The natural question is: why not use better search? Embedding models, rerankers, and LLM-based query expansion would all produce higher-quality results than BM25. The reason mandex doesn't ship with them is the same reason it doesn't require an API key: they require significant memory, compute, or external dependencies that break the offline, zero-config promise. A good embedding model takes 500MB of RAM and needs to run inference on every query. A reranker adds another model. An LLM-based query expander needs an API key. None of that is appropriate for a CLI tool that should start in 5ms and work without any setup.
Sub-agents change this. An agent like Claude Code can run four or five `mx search` calls in parallel, read the results, and reason across them to produce a complete, accurate answer. The sub-agent does the synthesis; mandex provides the raw material. The combination is more useful than either alone — and the LLM doing the synthesis is already running, already paid for, and already has the context to know which results are relevant.

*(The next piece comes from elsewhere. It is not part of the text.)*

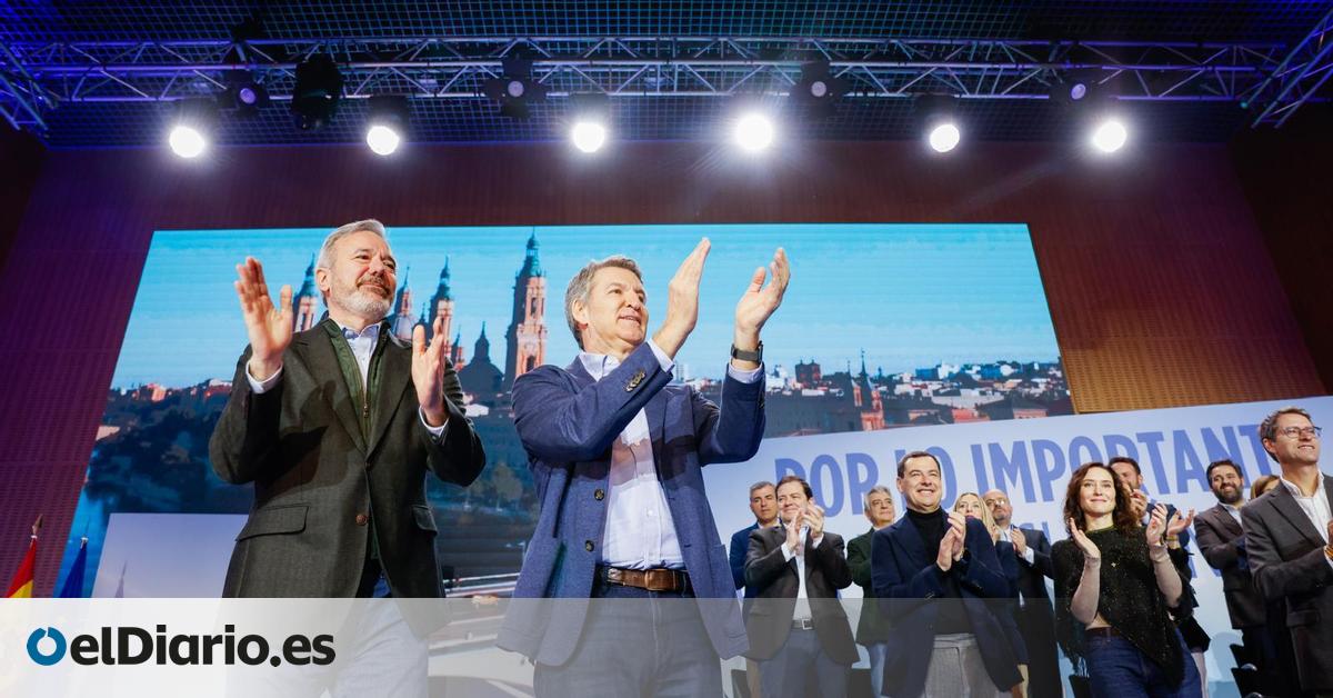 El líder de los populares reúne en la capital aragonesa, a tres semanas del 8-F, a todos los barones regionales para firmar la Declaración de Zaragoza. “Cuando tú a un ministro no le entiendes, mala seña. Pero cuando es socialista y es la ministra de Hacienda, te quiere joder”, afirma Jorge Azcón —...

The practical pattern: when Claude Code needs to generate code using a library, it spawns a sub-agent that runs targeted searches against the local mandex packages, reads the relevant sections, and returns a synthesis. The main agent uses that synthesis to write the code. This is faster and more accurate than web fetching, works offline, and produces answers grounded in the exact version of the library the project is using.
This is why mandex doesn't need perfect search ranking to be useful. Search quality matters at the margins — better ranking means less noise for the sub-agent to filter. But even imperfect BM25 results over local, version-pinned documentation beat the alternative of asking an agent to hallucinate from stale training data.
## Getting started
Mandex is written in Rust. The CLI is a single static binary called `mx`. The installer is interactive and sets up your AI coding assistant integrations automatically.
```bash
curl -fsSL https://mandex.dev/install.sh | sh
```
The installer detects which AI coding assistants you have installed — Claude Code, Cursor, Windsurf, Codex — and asks whether to configure each one. For Claude Code it installs a skill that tells Claude to consult local docs before generating code. For Cursor and Windsurf it appends rules to the appropriate config files. For Codex it adds instructions to `~/.codex/AGENTS.md`.
For non-interactive installation (CI, agents, scripted setups):
```bash
# Auto-detect and configure everything
curl -fsSL https://mandex.dev/install.sh | sh -s -- --yes
# Specific integrations only
curl -fsSL https://mandex.dev/install.sh | sh -s -- --yes --claude-code --codex
# Binary only, no integrations
curl -fsSL https://mandex.dev/install.sh | sh -s -- --none
```
Once installed:
```bash
cd your-project
mx sync # installs docs for all detected dependencies
mx search nextjs "middleware"
```
The format is SQLite. The packages are portable. The source is open. Everything works offline after the initial download.
---
Agents need documentation to write correct code. The documentation exists. The missing piece was never the content — it was the distribution model. Package it, version it, and distribute it through infrastructure that scales to zero marginal cost. Then let agents query it locally, as many times as they need, without asking anyone's permission.